What Challenger Brands can steal from Santa

Stephen Bradshaw

Christmas is a time for family and friends. It’s about reunions, decorations, turkeys, selection boxes, over indulgence, Netflix binges, and kids revelling in the magic of the festive spirit.

It’s also a big time in the calendar for many consumer brands, all attempting to hijack a little of the spotlight when the public mood is so generous and empathetic.

For some industries with seasonal peaks and troughs (e.g. toys or greeting cards) it’s crunch time. But every industry and brand can gain something from riding the coattails of the sleighs and winning over hearts and minds. Surprise and delight your audience at this time of the year and you’ll earn kudos and recognition next time they pass your products on the shelves, streets or in the showrooms.


Bask in the Reflected Glory

Take Greggs in the UK for example. The nationwide bakery chain have a history of festive cheek, as much as spirit, and they outdid themselves this year at their Northumberland Street branch. As it so happens, this store stands directly across the road from Fenwick's department store.

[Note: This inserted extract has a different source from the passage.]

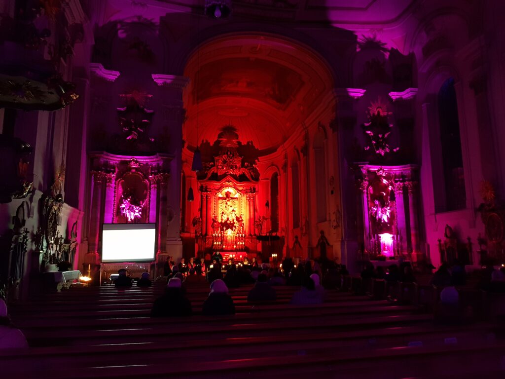 In der Kirche wurde von zwei Musikgruppen einige Stunden gestaltet, damit schafften sie eine wohltuende und angenehme Atmosphäre, auch wurden immer wieder Impuls zwischen Liedern verlesen. Des Weiteren gab es das Angebot vorn am Altar eine Kerze zu entzünden, die Teelichter dazu wurden am Eingang von einem Welcome-Team an die Besuchenden gegeben. Auch konnte man mit verschiedene männliche und weibliche Seelsorgenden das Gespräch suchen.
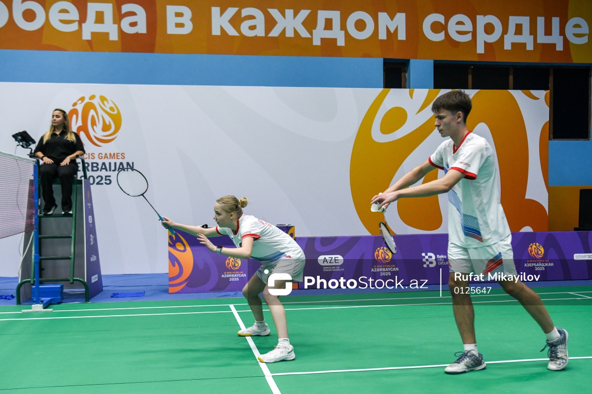 III MDB Oyunlarında iştirak edən Rusiya badmintonçuları Anastasiia Golubeva (sol) və Aleksei Ivanov (sağ).

For years they admired Fenwick’s famed Christmas window display when the lights were turned on at this time of the year. This year however, they decided to take action and bask in Fenwick’s reflective glories, quite literally - by reversing the logo over their doorway to ensure centre stage in the window display across the street as pedestrians passed by.


Reversing the logo also hijacked another modern cultural celebration moment…the selfie.


Hijack the Spirit of Friendship

Closer to home, Three and Samsung have just unveiled #theconnectedrestaurant in Dublin and Sydney to reunite family and friend this Christmas. The Connected Restaurant will welcome diners in Ireland and Australia with one half of the restaurant opening in Dublin and the other in Sydney separated only by large screen.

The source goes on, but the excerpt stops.